Moskau – Russland plant nach Worten seines Botschafters bei der Nato eine "völlig asymmetrische Antwort" auf die Stationierung einer US-Panzerbrigade in den östlichen Nato-Staaten. Botschafter Alexander Gruschko nannte im russischen Fernsehen allerdings keine Details.

Während er die Rolle der Nato an der russische Westgrenze scharf kritisierte, sagte ein anderer Vertreter des Außenministeriums in Moskau am Donnerstag, man hoffe auf eine Sitzung des Nato-Russland-Rates bis Mai.

"Kein übermäßiger Einsatz"

Das Europa-Kommando der US-Streitkräfte Eucom hatte am Mittwoch angekündigt, ab 2017 eine Panzerbrigade mit etwa 4.200 Mann in die östlichen Nato-Staaten zu verlegen.

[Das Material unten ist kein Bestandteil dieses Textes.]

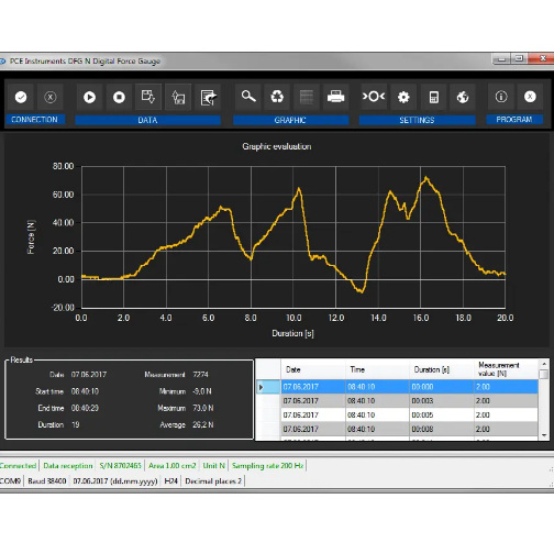 Máy đo lực được trang bị giao diện USB, cho phép đọc dữ liệu đo vào phần mềm PC, tạo các nhật ký đo lường và lưu trữ, xuất dữ liệu. Máy có màn hình LCD đồ họa hiển thị các giá trị đo dưới dạng số và đồ họa. Hơn nữa, thiết bị đo lực được bảo vệ theo chuẩn IP54 nên có thể sử dụng trong môi trường công nghiệp khắc nghiệt, cũng như thực hiện các thử nghiệm kéo và nén ngoài trời trong điều kiện thời tiết xấu.
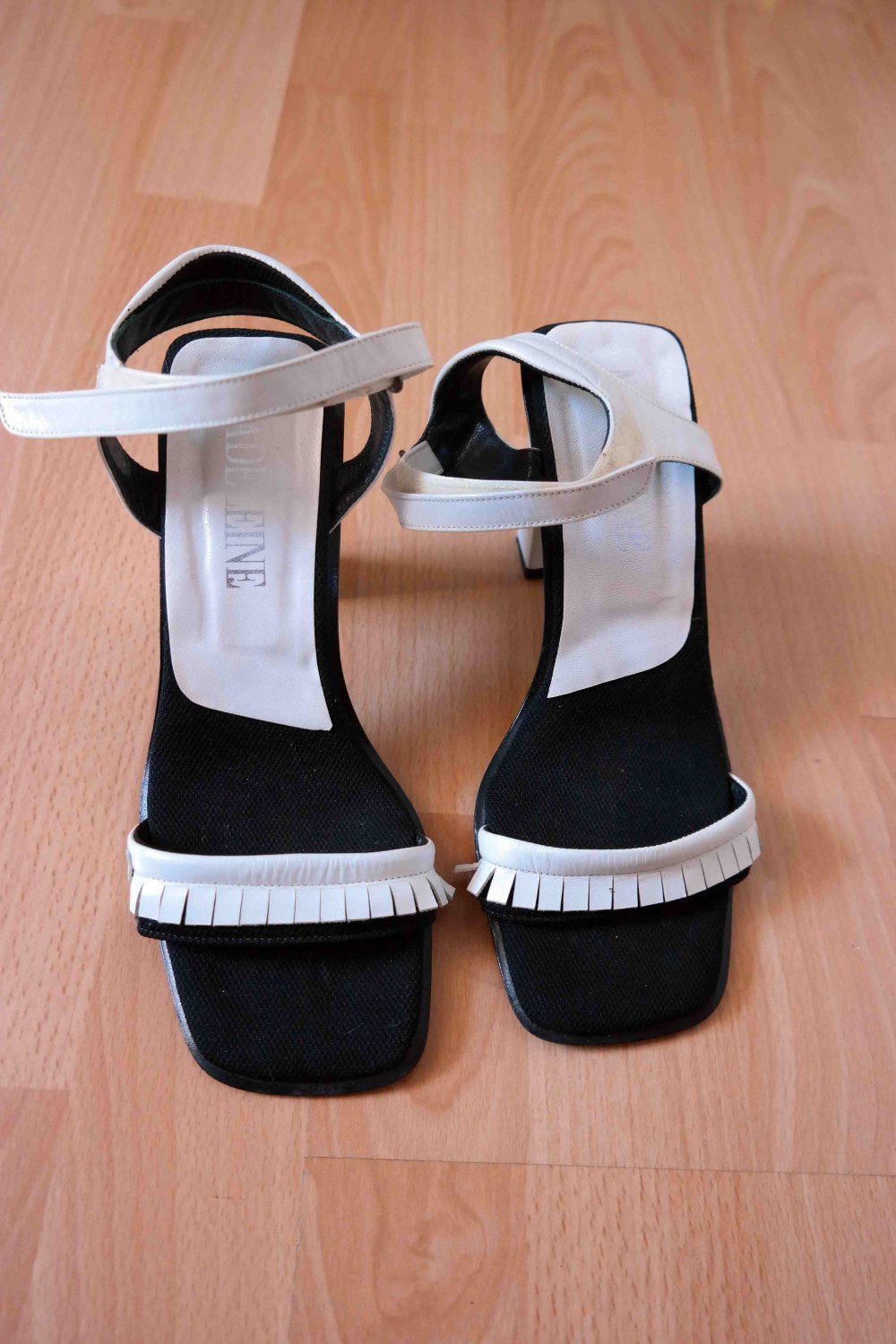 Wie NEU Original Madeleine True Vintage 90er 00er Sandalen High Heels Leder Echtleder weiß schwarz Blockabsatz Y2K 39 Fransen
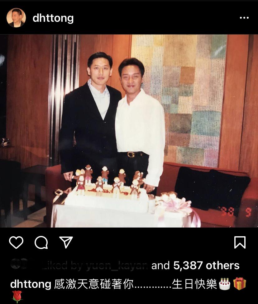 張國榮66歳冥壽,唐鶴德於零時分享兩人慶生的舊照。
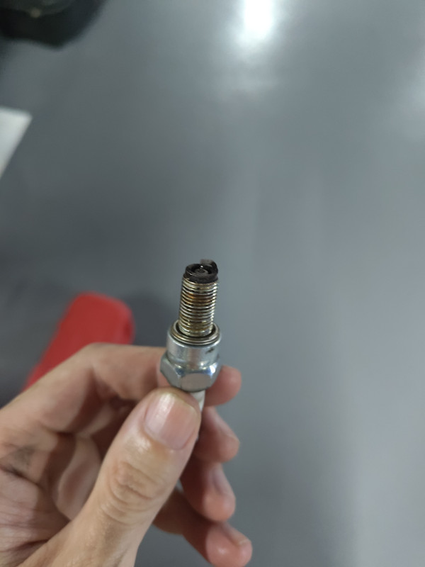 但火星塞上的積碳量是沒有使用紅線時這麼誇張

Diese fühlen sich seit dem russischen Eingreifen in der Ukraine bedroht.

Gruschko sagte über die erwartete Moskauer Reaktion: "Sie wird so austariert, dass sie unserer Einschätzung der militärischen Bedrohung entspricht, maximal effektiv ist und keinen übermäßigen Mitteleinsatz erfordert."

"Äußerst negative Rolle"

Die Nato solle sich mehr um die Bedrohungen durch Terroristen aus dem Süden kümmern, forderte er. In der Unterstützung für die Ukraine spiele das westliche Bündnis schon jetzt eine "äußerst negative Rolle". Ein Nato-Beitritt, wie ihn Georgien und die Ukraine erwägen, würde einen "Sprengsatz unter den Grundfesten der europäischen Sicherheit" bedeuten, erklärte Gruschko.

Die Sitzungen des Nato-Russland-Rates waren 2014 wegen der Ukrainekrise vom Westen ausgesetzt worden. (APA, 31.3.2016)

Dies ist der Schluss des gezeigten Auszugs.